Abstract
Objectives: To estimate risk of malignancy in patients with idiopathic inflammatory myositis (IIM) compared to patients with knee osteoarthritis (OA).
Methods: Patients with IIM and knee OA aged over 50, who had no history of malignancy, were identified using Korean National claims database from January 2012 to December 2014. They had been observed until a malignancy was diagnosed or up to the end of the study, December 2015. The incidence rate (IR) of malignancy in IIM patients was calculated and compared with knee OA patients using standardized incidence ratio (SIR).
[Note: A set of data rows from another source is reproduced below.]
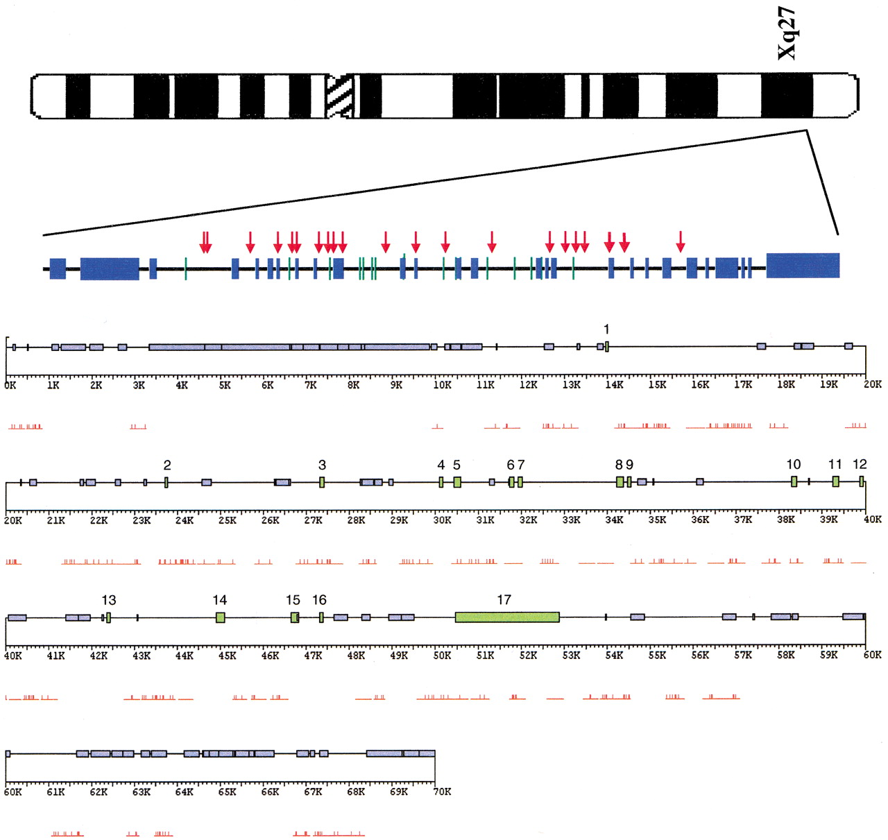 The genomic structure of the FMR1 region. The ideogram of the X chromosome shows the location of the FMR1 region, subsequently magnified to show the region we studied. The green bars identify FMR1 exons, numbered accordingly. The blue bars represent regions masked byRepeatMasker. The red arrows locate the SNPs found among the 20 humans sampled. This region is further magnified below, with the modification that the red bars are the segments screened for variation and the thin red hash marks identify all differences from the reference sequence.
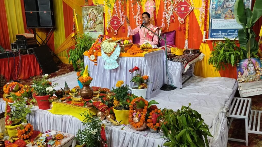 प्रसिद्ध कथा वाचक पंडित दीपक कृष्ण शास्त्री जी महाराज द्वारा श्रीमद् भागवत महापुराण की कथा का दिव्य वर्णन किया जा रहा है। यह आयोजन भक्तों को आध्यात्मिक ज्ञान प्रदान करने के उद्देश्य से किया जा रहा है, जिसमें भगवान विष्णु के अवतारों, भक्ति मार्ग और जीवन के गहन सत्य पर प्रकाश डाला जाएगा। स्थानीय बैंक कालोनी के निवासियों ने इसकी तैयारियां संभाली हैं, जो सामुदायिक एकता का प्रतीक बन चुका है।
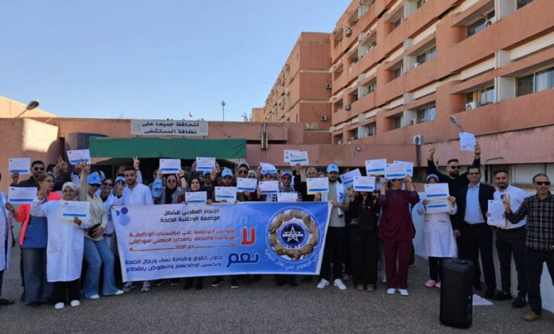 نظّمت الأطر الصحية المغربية، يوم الاثنين 10 نونبر 2025، وقفات احتجاجية إنذارية بمختلف مواقع العمل، بدعوة من الجامعة الوطنية للصحة التابعة للاتحاد المغربي للشغل، احتجاجا على محاولة الحكومة المساس بمركزية الأجور وصيغة الموظف العمومي، وذلك على هامش مناقشة الميزانية الفرعية لوزارة الصحة والحماية الاجتماعية لسنة 2026.
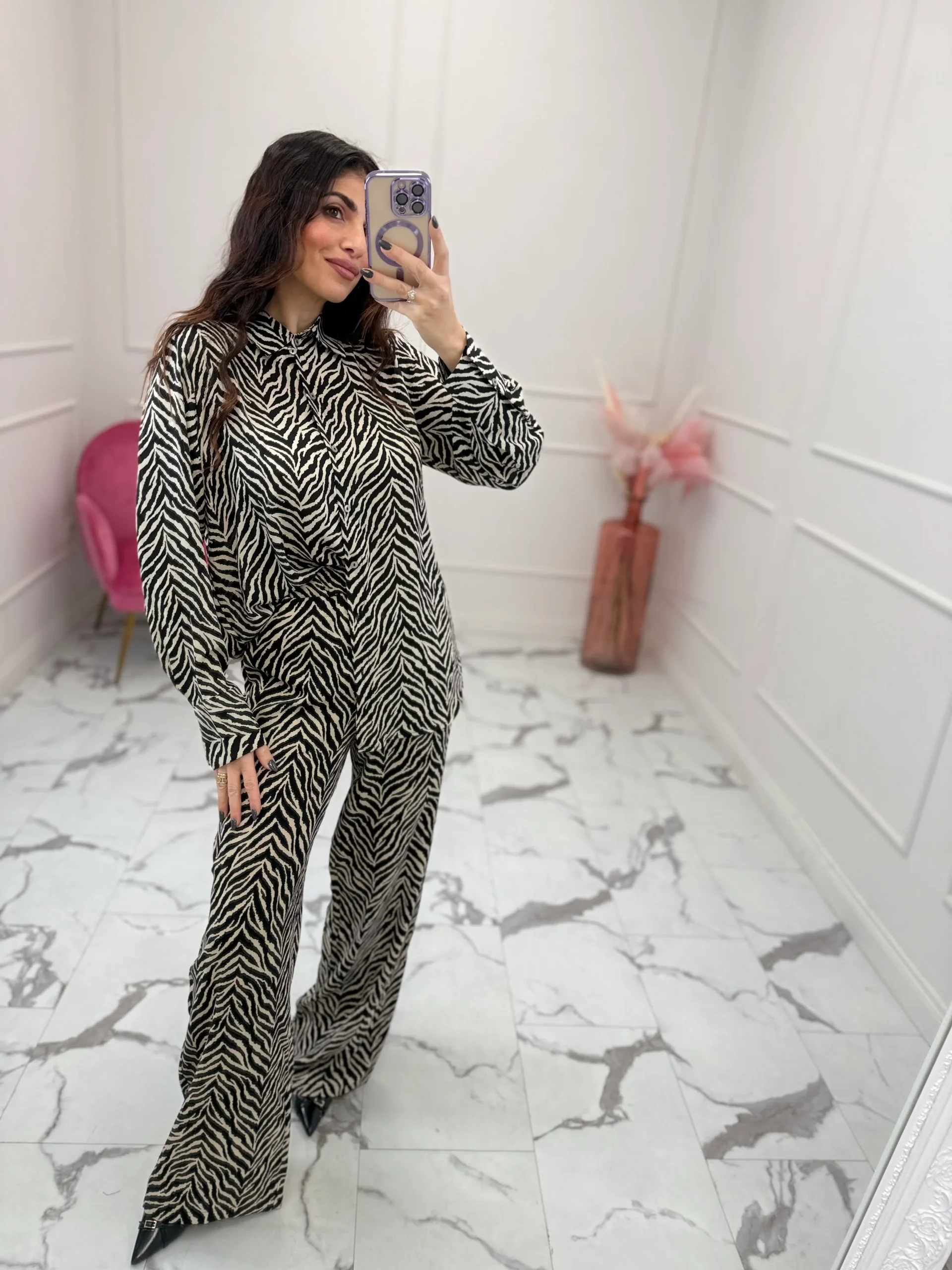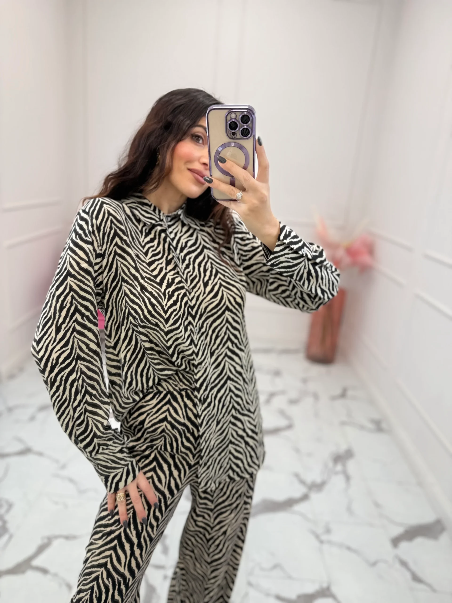 Camicia in fantasia zebrata, tessuto leggero, chiusura con abbottonatura sul davanti, maxi polsino con bottone, vestibilità regolare. La modella indossa taglia XS. composizione: 100% poliestere
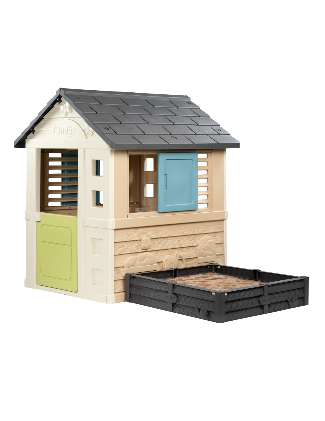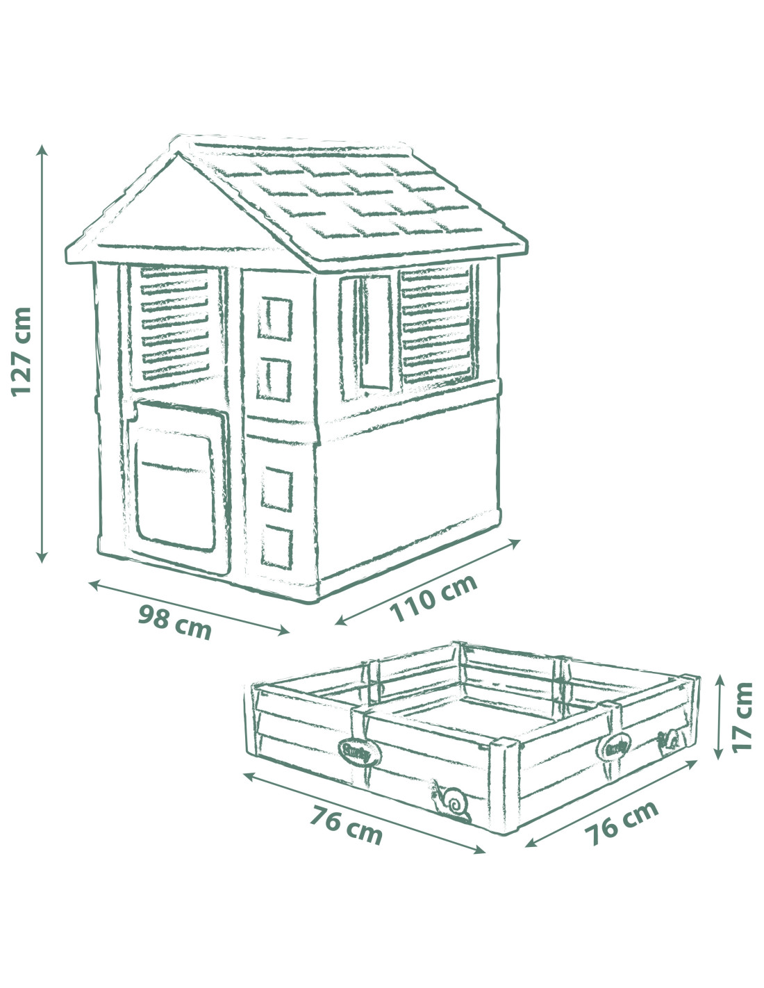 The Smoby Life Garden House with Sandbox is a wonderful place for discovery, experimentation, and shared play. By combining the house with a sandbox or mini garden, little ones can develop their imagination and enjoy outdoor activities. It's the perfect place for playing house, restaurant, or shop, as well as building sandcastles or planting. The spacious house is designed for versatile activities – from themed play to first gardening experiences.
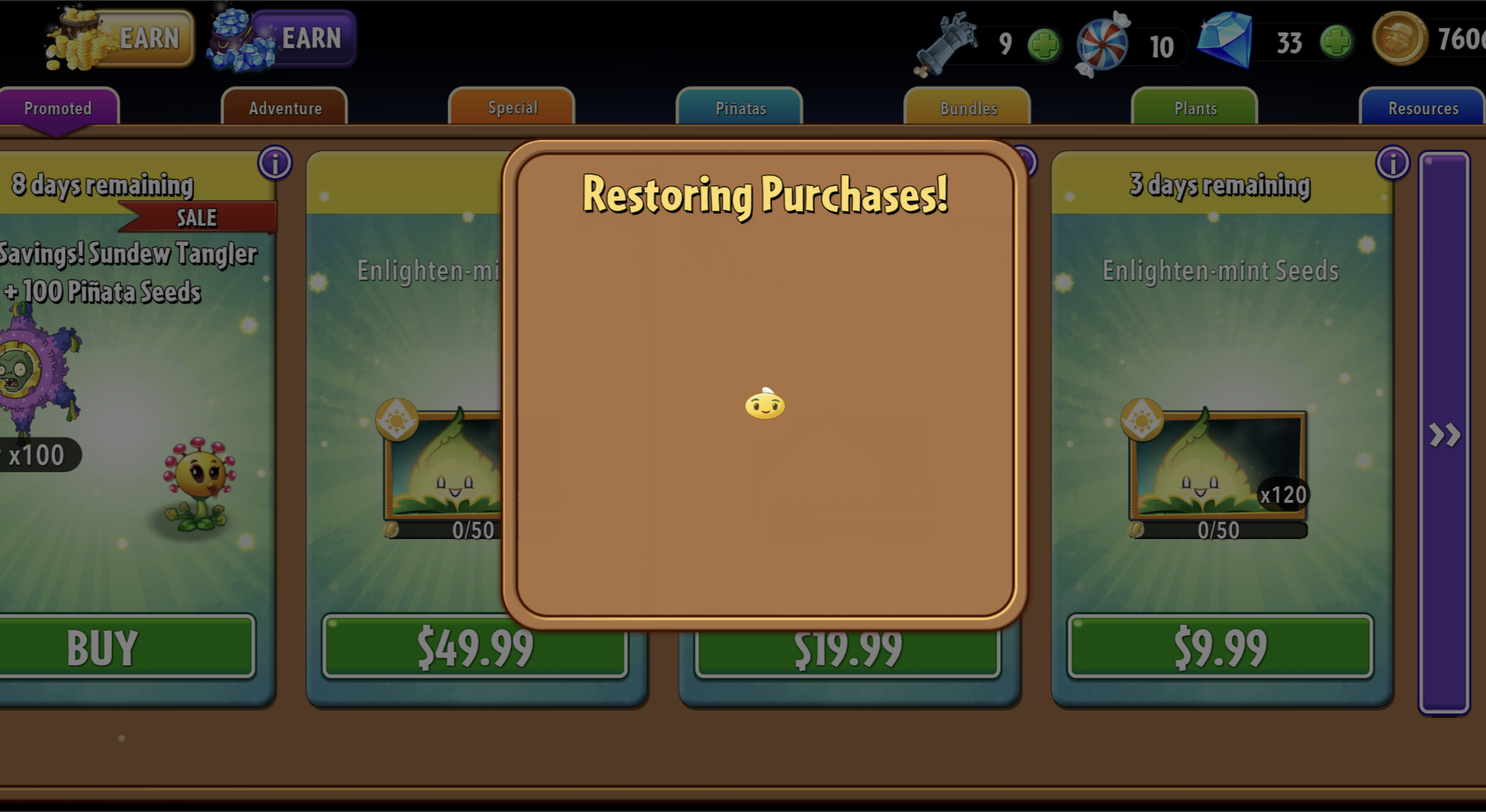 I have been unable to make purchases in Plants vs Zombies 2 for over a week. I get an error message that says "Unable to complete purchase. Please try again later." There is no error code number. My payment method seems to be correct.
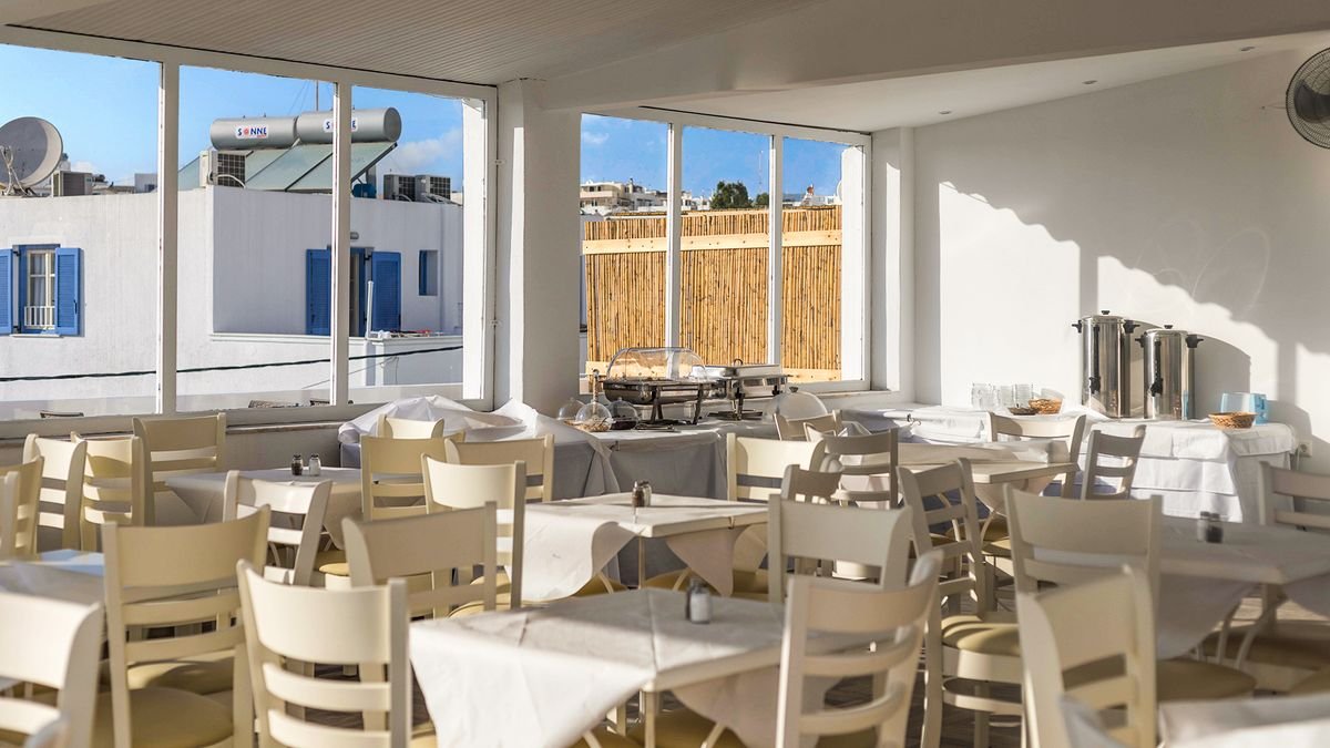 Zapraszamy na wypoczynek w samym sercu Cyklad! Blisko pięknej, długiej plaży, wkomponowany w labirynt charakterystycznych białych budynków, pozwala na zatopienie się w klimacie greckich wysp. To świetny wybór, jeśli chcesz odpocząć w miejscu, w którym wszystko masz pod ręką! W zasięgu spaceru jest centrum miasta z restauracjami, sklepami i miejscami historycznymi, oraz morze, które zachęcająca do kąpieli swoją czystą, błękitną wodą. Koniecznie wejdź też na dach – tam czeka na Ciebie basen i bar z widokiem na zatokę, gdzie możesz zrelaksować się po całym dniu.

Results: A total of 634 polymyositis (PM) and 556 dermatomyositis (DM) patients were included. Overall, 100 solid (IR 270.4/10,000 person-years (PY), 95% confidence interval (CI) 217.4–323.4) and 12 hematologic malignancies (IR 32.4/10,000 PY, 95% CI 14.1–50.8) occurred. Compared with knee OA, risk of overall (SIR 1.5, 95% CI 1.2–1.8), solid (SIR 1.4, 95% CI 1.1–1.6), and hematologic malignancy (SIR 5.7, 95% CI 2.5–9.0) were increased in IIM patients. This was due to increased incidence of malignancy in DM (hematologic malignancy, SIR 8.7, 95% CI 2.7–14.7, solid malignancy, SIR 1.5, 95% CI 1.1–1.9).
Conclusion: Patients with IIM, especially DM, have an increased risk of malignancy compared to patients with knee OA.
Author contributions
HK, YKS, DHY, and SKC contributed the study design, data analysis, and writing of the manuscript. SC, SGI, SYJ, EJJ had substantial contributions to the acquisition, statistical analysis, and interpretation of data. Also, all of the authors were involved in drafting the article or revising it critically for important intellectual content and final approval of the version to be submitted.
Ethics approval
This study was approved by the institutional review board (IRB) of Hanyang University Medical Center and was exempt from an IRB review because we used existing, publicly available data and the information of the subjects could not be identified directly or through identifiers linked to the subjects (IRB file No. HYUH 2017-09-009).
Informed consent
Informed consent was waived because we utilized a de-identified database which was opened to the public.
Conflict of interest
None.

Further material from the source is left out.